It is quite easy to point out what another has done wrong in a relationship, but it is important for true growth to recognize how you contributed to the problems. This process can be uncomfortable, and as human beings we all long to keep our ego in tact. I had a lot of trouble communicating at this time, and to be quite frank, I am not sure I would have even been able to convey how I felt anyway. I wasn’t self-aware enough to really know how I felt, and why I was feeling this way. At this point in life, every traumatic life event and negative feeling was put away in a little mental box, and placed way back in my brain on a shelf I couldn’t reach. Compartmentalizing was the name of the game, and I was getting good at it.

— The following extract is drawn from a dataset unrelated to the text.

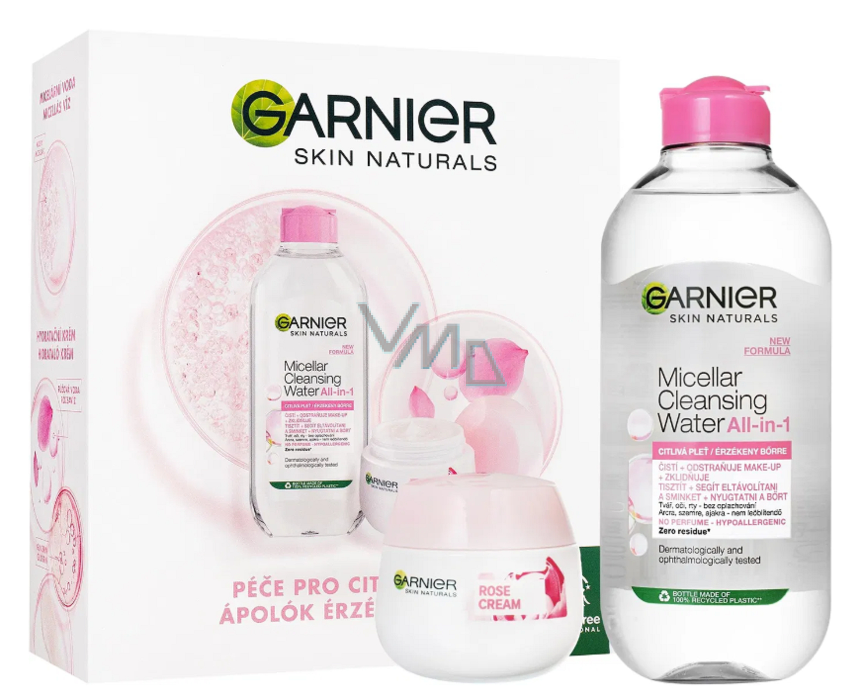 Garnier Skin Naturals Rose Cream Gesichtscreme 50 ml + Skin Naturals All-in-1 Mizellenwasser 400 ml, Kosmetikset für Frauen

Obviously there is much more to this part of the story, but I am ending this week here. Shredz is going to straight up murder me. I sent her what was written above, and warned her that it just stops with no conclusion. She started giving me ideas on which direction to go with this subject, and we are on the same page. She is cheating a bit because she knows the ending of each story hahaha. The problem is that it is quite hard to wrap up years of healing in one post. Sometimes a post will leave the readers "hanging." I don't do this on purpose, but life duties call, and for now I have to manage everything I can to the best of my ability. Maybe someday I will get more time to write!! That would be lovely LOL. We will continue to walk down the path of my internal conflict next week.
I wish I had a great challenge for us this week, but I am on the struggle bus. Maybe we should each look in our closets, and get rid of one or two things that no longer serve us? Lori, and my niece Madison will benefit from me doing this haha.
"We must rapidly begin the shift from a thing-oriented society to a person-oriented society." Martin Luther King Jr.